Ayat pertama menjelas taubah dan inabah orang-orang yang bertakwa yang
senantiasa meminta ampun dari Allah. Pada dasarnya, jalan untuk sampai kepada takwa
adalah iman dan bersikap seimbang (i'tidal) kepada keberadaan Allah. Selagi manusia
tidak menyakini bahwa semua perbuatannya diawasi, maka mereka tidak akan mengontrol
diri.
Akan tetapi arti takwa bukanlah tersucikan dari dosa, melainkan dengan artian
menahan diri. Orang-orang yang bertakwa mungkin saja terjatuh ke dalam perbuatan dosa,
namun beda mereka dengan pendosa lain ada 2 hal; pertama dosa bukan bagian dari
kebiasaan mereka, akan tetapi mereka berbuat dosa karena khilaf dan lupa. Kedua, jika
mereka berdosa, langsung mereka terpikir untuk taubat sehingga dirinya bisa terlepas dari
kesan-kesan dosa di dunia dan akhirat.
Ayat berikutnya menjelaskan 5 sifat penting dari dampak positif takwa bagi orang-
orang yang bertakwa. Kesabaran dan ketabahan di jalan kebenaran dan bertahan dalam
melawan bujukan-bujukan batil dan setan merupakan sifat yang paling mendasar.

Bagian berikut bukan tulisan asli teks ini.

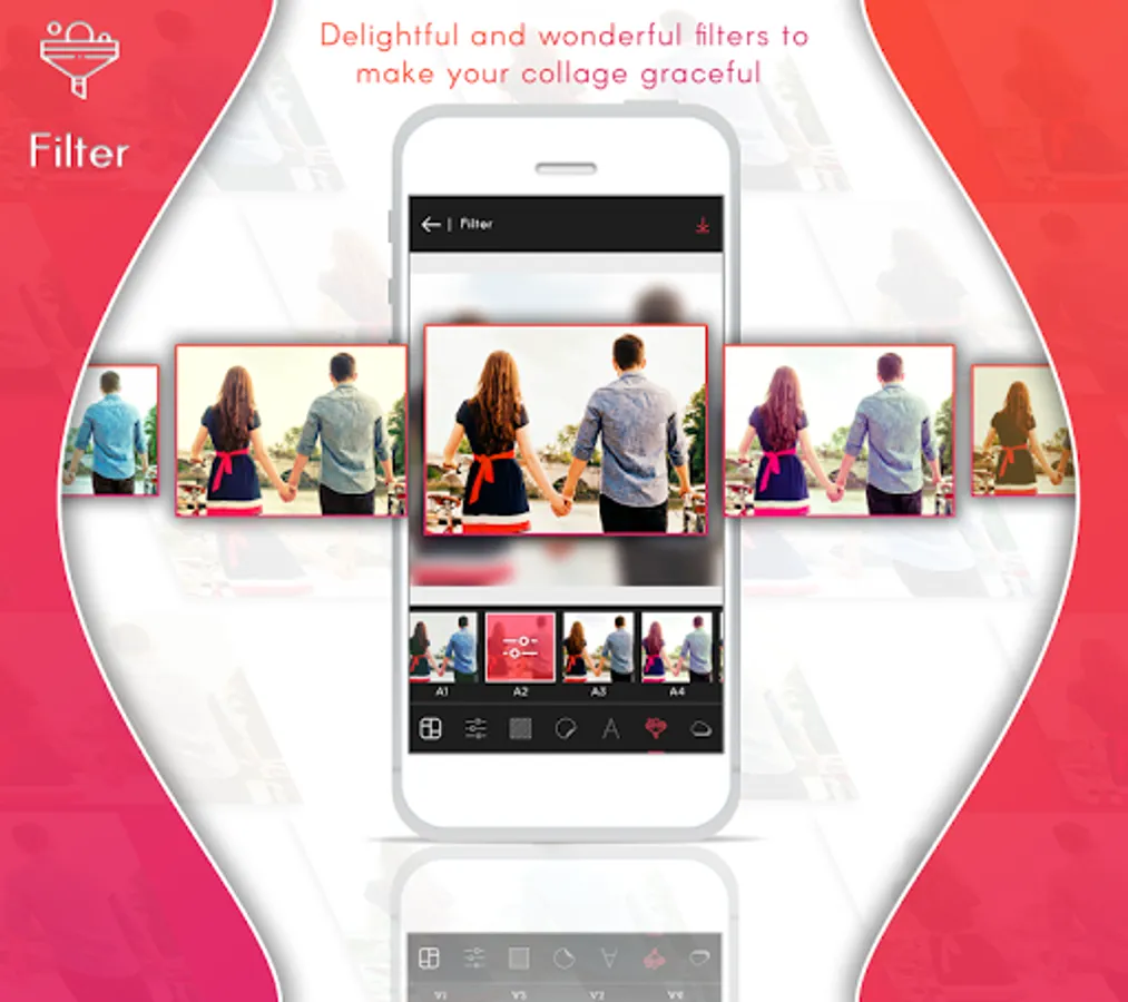 You can apply many photo filters and frames and collage photos. My Photo Collage allow you to add text, stickers, filter to your custom photos.

Kejujuran dalam akidah, perkataan dan tindakan merupakan sifat-sifat lain orang-orang
yang bertakwa dan sifat-sifat ini memelihara manusia dari segala bentuk kemunafikan,
riya, kebohongan dan penipuan.
Demikian pula ketaatan mereka dari perintah Allah disertai dengan tunduk dan
kerendahan diri serta menerima hukum Allah dengan sepenuh jiwa. Di samping taat
kepada Allah, mereka juga memikirkan makhluk dan menginfakkan sebagian harta mereka
untuk orang-orang yang memerlukan.
Namun dengan melakukan perbuatan baik ini, bukan berarti mereka jadi sombong, bahkan
mereka selalu merasa masih banyak kekurangan dalam mengabdi dan membantu manusia-
manusia yang lemah dan mereka senantiasa beristighfar dan meminta ampunan atas segala
kesalahan dan kekurangan.
Dari ayat ini kita petik pelajaran bahwa takwa bukan berarti mengucilkan diri, melainkan
disamping menghindari dosa, kita harus menghidupkan sifat-sifat baik (hasanah) pada diri
kita dan berusaha memberikan pengabdian kepada umat manusia.